= Beginning of Section =

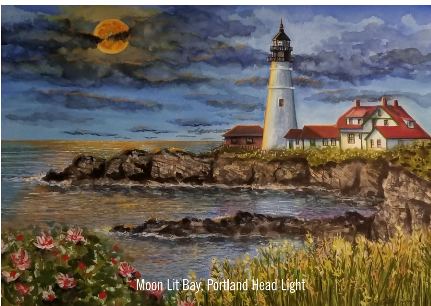
Moon Lit Bay, Portland Head Light
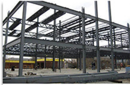
Convention Building / Fabrication Erection
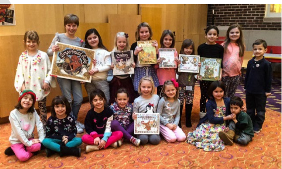
Library spaces and experiences designed and customized for all ages, interests, and needs.
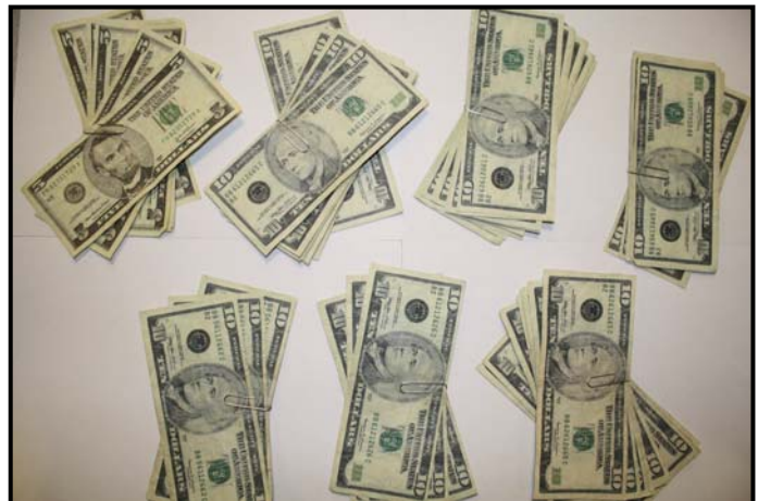
U.S. currency recovered from Wildberger
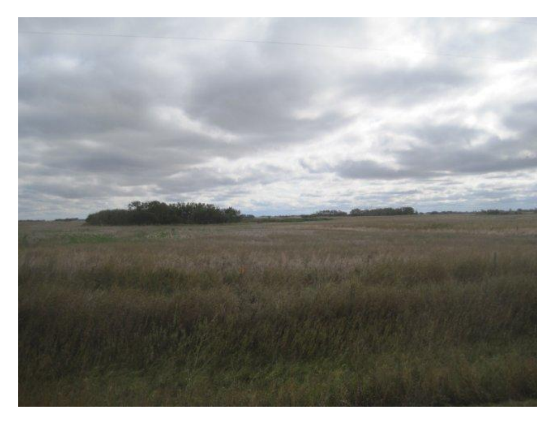
Photoplate 67 – View east on pipeline route in NW 29-2-29 WPM.
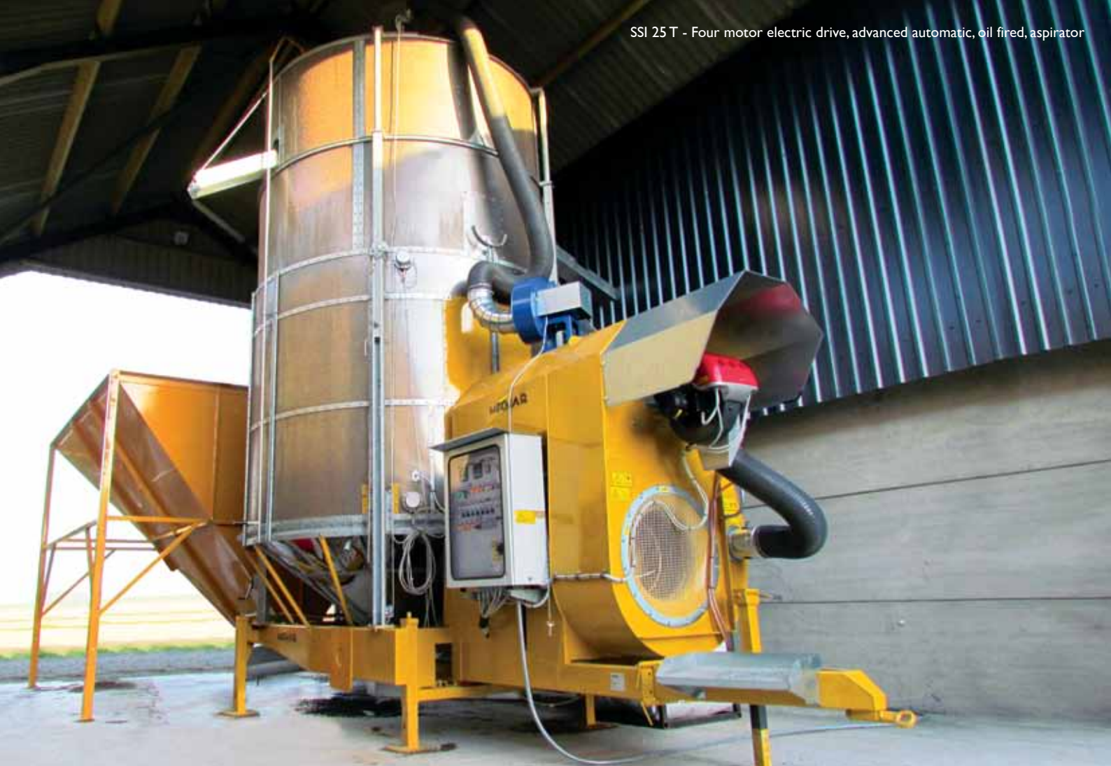
SSI 25 T - Four motor electric drive, advanced automatic, oil fired, aspirator

= End of Section =

Return the material above in exact form. Pictures stay out.

Moon Lit Bay, Portland Head Light
Convention Building / Fabrication Erection
Library spaces and experiences designed and customized for all ages, interests, and needs.
U.S. currency recovered from Wildberger
Photoplate 67 – View east on pipeline route in NW 29-2-29 WPM.
SSI 25 T - Four motor electric drive, advanced automatic, oil fired, aspirator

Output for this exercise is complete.